Even more weirdly, Robinson discovered that up until the early 1800s, anyone could request permission from a magistrate to open up the coffin of someone who had committed suicide and stake them so they couldn’t rise again.

“There’s documented evidence of at least seven cases of that,” he insists.

No wonder Hollywood seems to be obsessed with zombies, but where did this belief come from?

According to Robinson, the answer is two-fold.
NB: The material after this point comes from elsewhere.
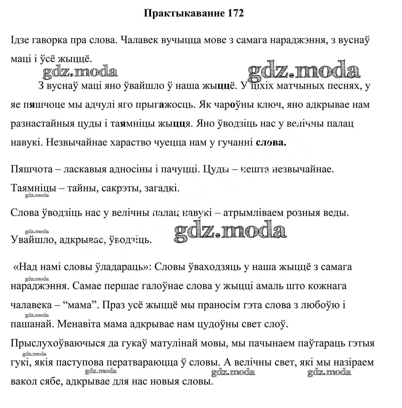 ГДЗ решение к заданию № 172 Белорусский язык 5 класс Валочка Г.М. Национальный институт образования 2019 Часть 1, Часть 2 ФГОС бесплатно на гдз.мода!

Firstly, that people in the Middle Ages were surrounded with icons of Christ having risen from the dead. Secondly, and more gruesomely, the biological phenomenon that makes corpses appear to be living long after burial.

“We buried a number of pigs at a scientific establishment and opened them up again after three weeks,” says Robinson.

“After death, the skin is all bloated because of the chemical reactions going on inside, and yet lots of areas of the body have actually shrunk, so it looks as though the hair and nails have grown.”

Another experiment involved asking a group of non-superstitious students to stab pictures of their loved ones with a knife. All refused apart from one who poked at his dad’s stomach because he worried he was overweight.

Robinson observes: “It’s very old, this notion that by harming something that is close to a person, you’re actually threatening the real person.”

The presenter denies he’s superstitious but admits he avoids walking under ladders. And while we’ve been chatting on the phone, his new wife, Louise, has apparently saluted a magpie.

“If you look at every superstition, they’re either about fending off evil or imbuing yourself with more power,” he says.